Salvatore Martelli
“Solo estás traicionando la ley”, “Lo siento por tu esposa, por tus hijas y por todas las mujeres cercanas a ti”: discusiones a ciegas entre Francesca Pascale y Rossano Sasso en vivo por televisión. El diputado que recientemente pasó de la Liga al Movimento Futuro Nazionale de Roberto Vannacci y el ex socio y activista de derechos civiles de Silvio Berlusconi se encuentran y se enfrentan en la sala de televisión Omnibus de La 7. El tema es naturalmente político, pero pronto la conversación entre los dos se convierte en una discusión en la que los dos ciertamente no intercambiaron palabras de afecto.

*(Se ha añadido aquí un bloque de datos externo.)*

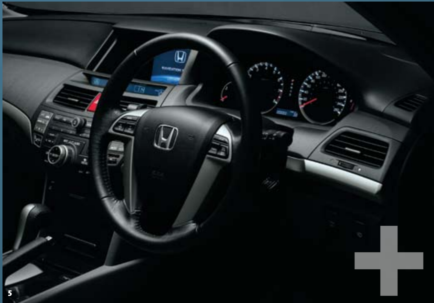
V6 Luxury model shown.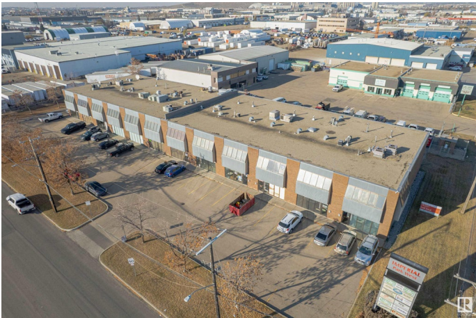
15612 116 Ave NW, Edmonton, AB

Main Floor Exterior Area 1885.08 sq ft Interior Area 1569.02 sq ft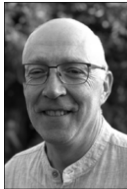
from Martin Dudley

What if they laugh at me or think less of me? What if they label me as a narrow-minded, judgmental, hypocritical Bible-thumper? Or what if they actually come? Then what?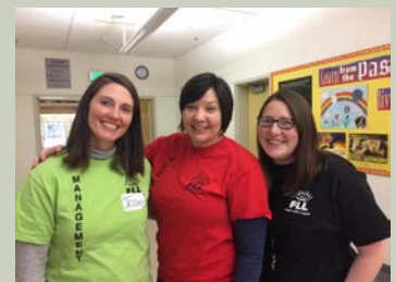
MCEDD staff at the robotics tournament in The Dalles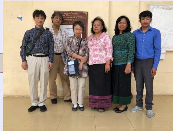
National Library of Cambodia (2018)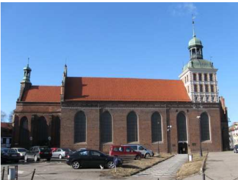
9. St. Bridget church - spiritual center of Solidarity Movement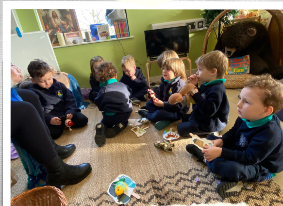
Playing 'pass the parcel'.

What an amazing and exciting start we've had to our new year in Dosbarth Padarn! We are all happy and have settled in very quickly and welcomed our new friends to our fantastic class.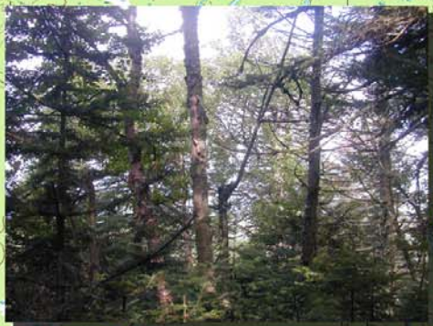
View 14: Filtered view from Lone Mtn. The wind turbines will not be visible.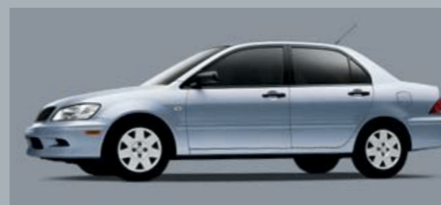
Shown in Munich Silver Metallic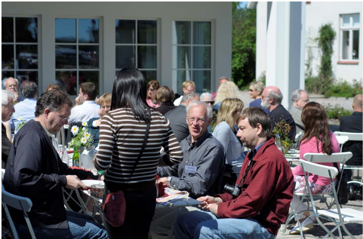
Workshop participants enjoying the lunch prepared by themselves at Båsenberga Hotel & Konferens in June 2009.

Since 2008, HEAD Graduate School organises a summer workshop held each year. The workshop gives Ph.D. students experience of what it is like to organise a scientific conference and it provides them with an opportunity to present and discuss their research with other researchers within the field of hearing and deafness. Of course, the workshop is also about having a good time together. Thus, the program also includes social activities where participants can interact in a more laidback fashion. In 2009, when the workshop was held at Båsenberga Hotel & Konferens, one of the activities was to prepare lunch together outdoors. This year, however, participants will not be asked to cook. Instead, rumour has it that social activities might have something to do with dolphins.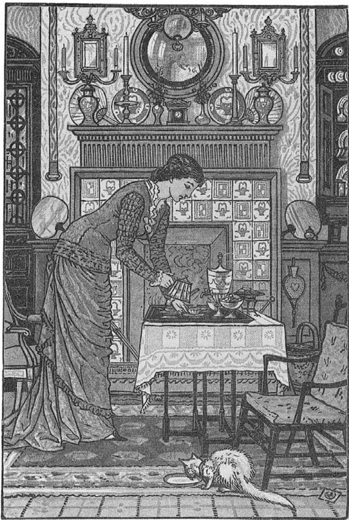
“MY LADY’S CHAMBER.”

Sasso comienza: “Una derecha falsa, un poco como la derecha moderada, fluida y blanda encarnada por la señora Pascale, de la Forza Italia de hoy – comienza mientras Pascale ya está en los escudos – Señora Pascale, ante todo saluda y le pido la cortesía de no interrumpirme”. Pascale, sin embargo, no está de acuerdo: “Ella y su Badoglio serán los más dulces – se refiere a Vannacci – me compadezco de su esposa, de sus hijas y de todas las mujeres que están a su lado”. El diputado contraataca: “No le permitiré hacerlo, doctora Pascale. Sólo está traicionando la ley. No se permita hacerlo”. La tensión aumenta en el estudio y el activista alza la voz: “Tú y tu Vannacci vais a perder”.

Sasso se enoja y responde: “Lo único ridículo aquí es que estás tratando de reciclarte políticamente”. La conversación se ha convertido ahora en una pelea verbal: “¿Pero cuándo debo volver a capacitarme? – dijo Pascale – ¿Pero cuándo he sido candidata? ¿Cuándo debo volver a capacitarme? Los dos líderes del grupo Forza Italia se han abierto a la eutanasia y a los derechos civiles. Eso es lo hermoso de Forza Italia”. “Estás confundiendo los caprichos de las parejas LGBT al querer tener un hijo. ¿Por casualidad, en tu opinión, los derechos civiles son la vergüenza del útero alquilado? Dínoslo”, le aconseja Sasso. “Tu objetivo es quedarte en un rincón. Pon ese dedo en tu bolsillo. Tú y yo somos extraños y quedémonos en el tuyo, Sasso. Tú vas más allá con el idioma, quédate en el tuyo – dijo Pascale furiosa antes de cerrar una línea – Porque tú y yo no somos amigos, sinceramente. Si luego quieres presentarme a tu esposa, de nada.”